▸ **Work request**
Restate exactly the lines below, from the one containing "about to create." through the final line, and leave out the pictures.

▸ **Dataset content**
__________

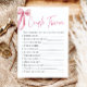 Prepárate para poner tu conocimiento a prueba con "Rubor Pink Bow: She's Tying the Knot"! Este encantador juego de ducha de novias es perfecto para parejas y clientes. A medida que la novia se ata el nudo, veamos qué tan bien conoces el viaje de la pareja juntos. El juego presenta una serie de preguntas triviales que cubren varios aspectos de la relación de la pareja, desde cómo se conocieron hasta sus puntos de cita favoritos y todo lo demás. Cada pregunta está cuidadosamente diseñada para provocar risas, nostalgia y tal vez algunas sorpresas. Cómo Jugar: Reúne a todos los invitados y dividirlos en equipos o jugar individualmente, dependiendo del tamaño del fiesta. Proporcionar a cada equipo o individuo un conjunto de preguntas de la trivia. Dé a los participantes tiempo para discutir y anotar sus respuestas. Una vez que todos hayan respondido a todas las preguntas, revelar las respuestas correctas y sumar las puntuaciones. Premios al equipo o al individuo con las respuestas más correctas. Recuerden, el objetivo de "Rubor Pink Bow: She's Tying the Knot" no es solamente poner a prueba el conocimiento sino celebrar la historia de amor de la pareja y crear recuerdos duraderos. Así que, prepárate para reírse, recordar, y celebrar el viaje del amor con este delicioso juego de ducha de novias!
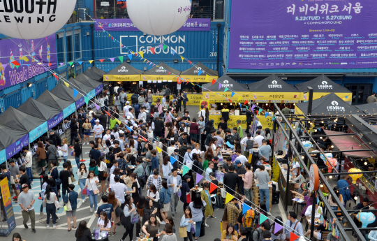 22일 서울 광진구 커먼그라운드에서 열린 ‘더 비어 위크 서울’ 행사장을 가득 채운 관람객들이 수제 맥주 등 다양한 맥주를 즐기고 있다.
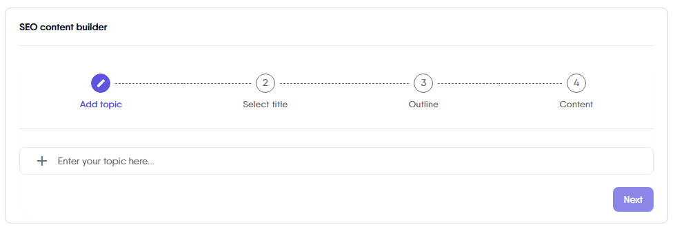 The “Add Topic” step marks the beginning of the SEO content creation process. This step is crucial as it lays the foundation for the article you are about to create.
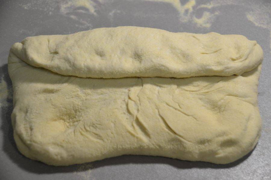 Делаем обминку, как если бы делали "евроконверт" - оттяните одну сторону теста и сложите внутрь.

__________

▸ **Result for this exercise**
 The “Add Topic” step marks the beginning of the SEO content creation process. This step is crucial as it lays the foundation for the article you are about to create.
 Делаем обминку, как если бы делали "евроконверт" - оттяните одну сторону теста и сложите внутрь.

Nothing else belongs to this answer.